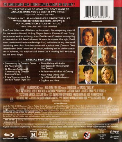 During the week he turns 33, NYC magazine publisher David Aames, a playboy who has strange dreams, spends a night of passion with Julie, "a friend he sometimes sleeps with," and a night with Sofia, a witty, knowing dancer with a Spanish accent - a night with intimations of love. David is charming, rich (his mother's Monet, "Vanilla Sky" is in his bedroom), and feckless: he inherited the magazines and his minority partners want him out. Jump ahead: he's in jail, wearing a prosthetic mask, talking to a sympathetic psychologist to get at the truth behind a death. Who has died? How? And who's Ellie? Popping up often on TV is Benny, a dog who survived for months frozen in ice.
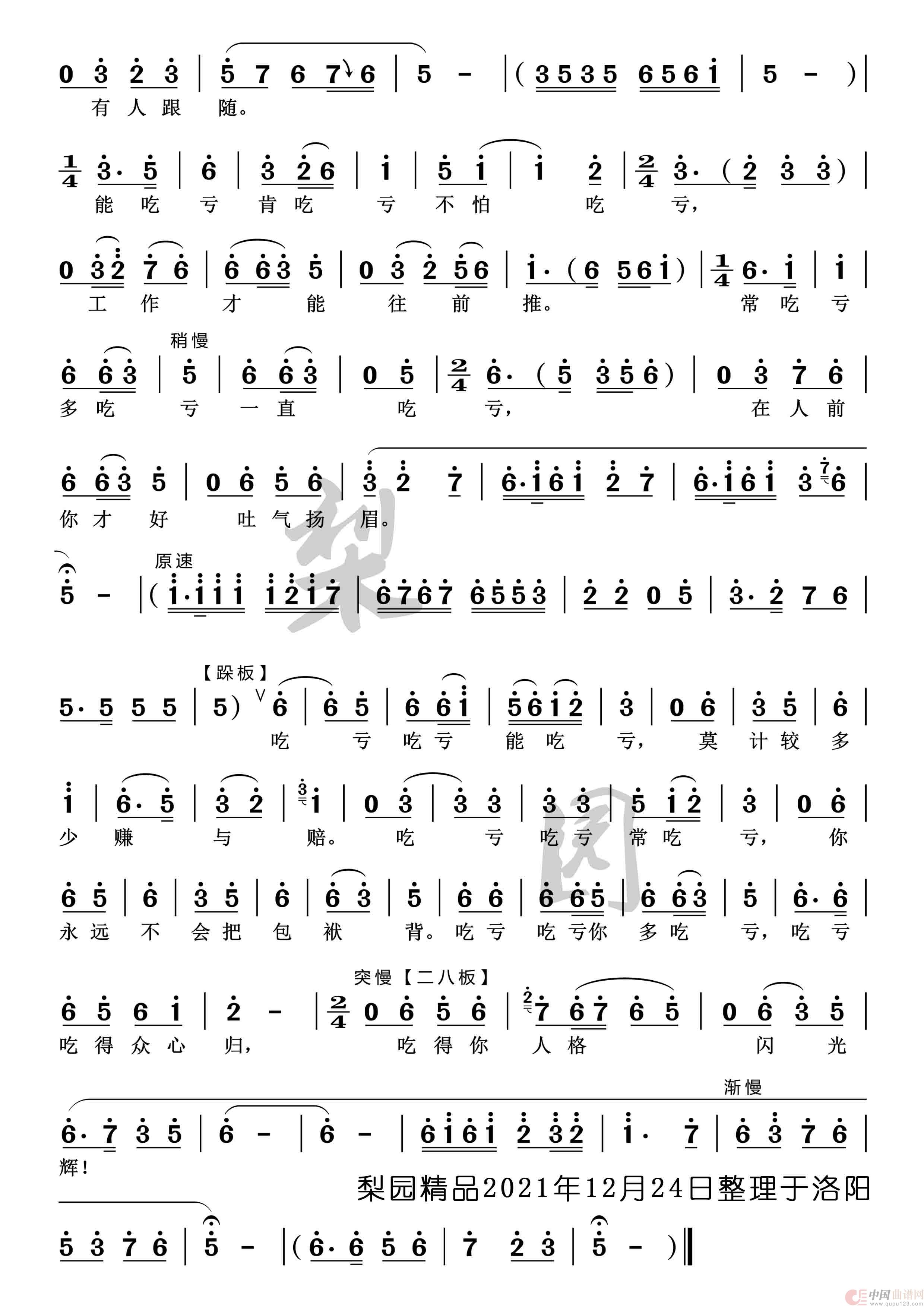 当干部就应该能吃亏(豫剧《村官李天成》选段)相关五线谱
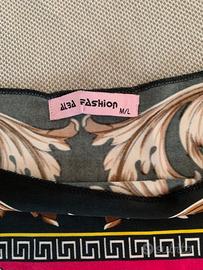 Blusa made in italy, con giochi di righe e cerchi rosse, nero e bianco Particolare design, per cui i laterali sono importanti Blusa Aerfan, nera con fenicotteri bianchi, plissettata, girocollo, senza maniche, cade molto bene Blusa Alba fashion, tagliata come un quadrato e tessuto ai laterali, oltre le cuciture Tutte tg L Tutte come nuove Tutte eleganti e raffinate
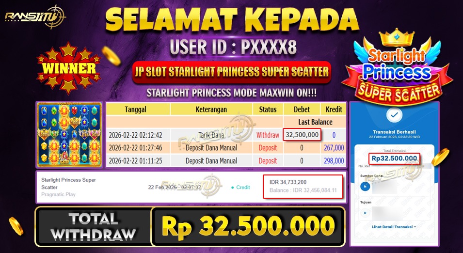 Hadiah telah di WD (Withdraw) oleh player yang bersangkutan Terima kasih untuk member setia kami telah mempercayakan RANSJITU sebagai BO pilihan anda
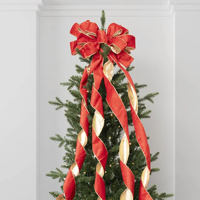 This tree topper bow features Red velvet ribbon with contrasting gold backing and gold trim. The ribbon is 65mm wide and has 14 loops at the top.
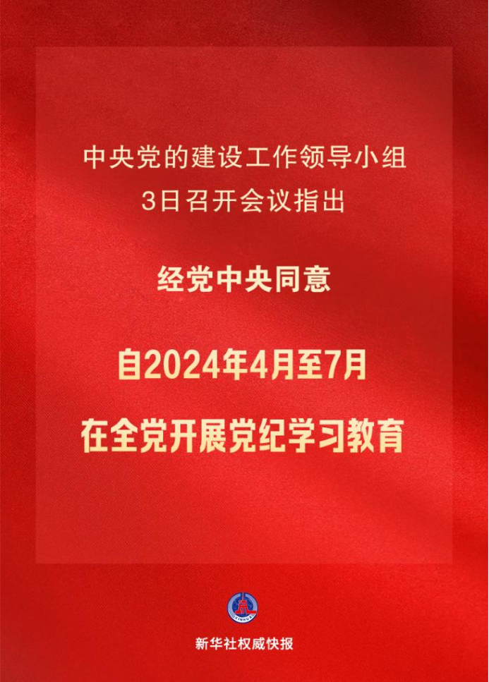 新华社权威快报丨党纪学习教育自2024年4月至7月在全党开展
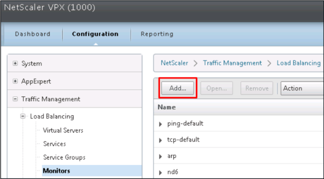 Open the NetScaler console and got to Traffic Management and expand Load Balancing. Click Servers and Add.

EXERCISE DESCRIPTION: When you reach the line containing "Hadiah telah di" in the entries above, begin restating word for word, and stop once the line containing "新华社权威快报丨党纪学习教育自2024年4月至7月在全党开展" has been given. Omit the pictures.

ANSWER SECTION:
 Hadiah telah di WD (Withdraw) oleh player yang bersangkutan Terima kasih untuk member setia kami telah mempercayakan RANSJITU sebagai BO pilihan anda
 This tree topper bow features Red velvet ribbon with contrasting gold backing and gold trim. The ribbon is 65mm wide and has 14 loops at the top.
 新华社权威快报丨党纪学习教育自2024年4月至7月在全党开展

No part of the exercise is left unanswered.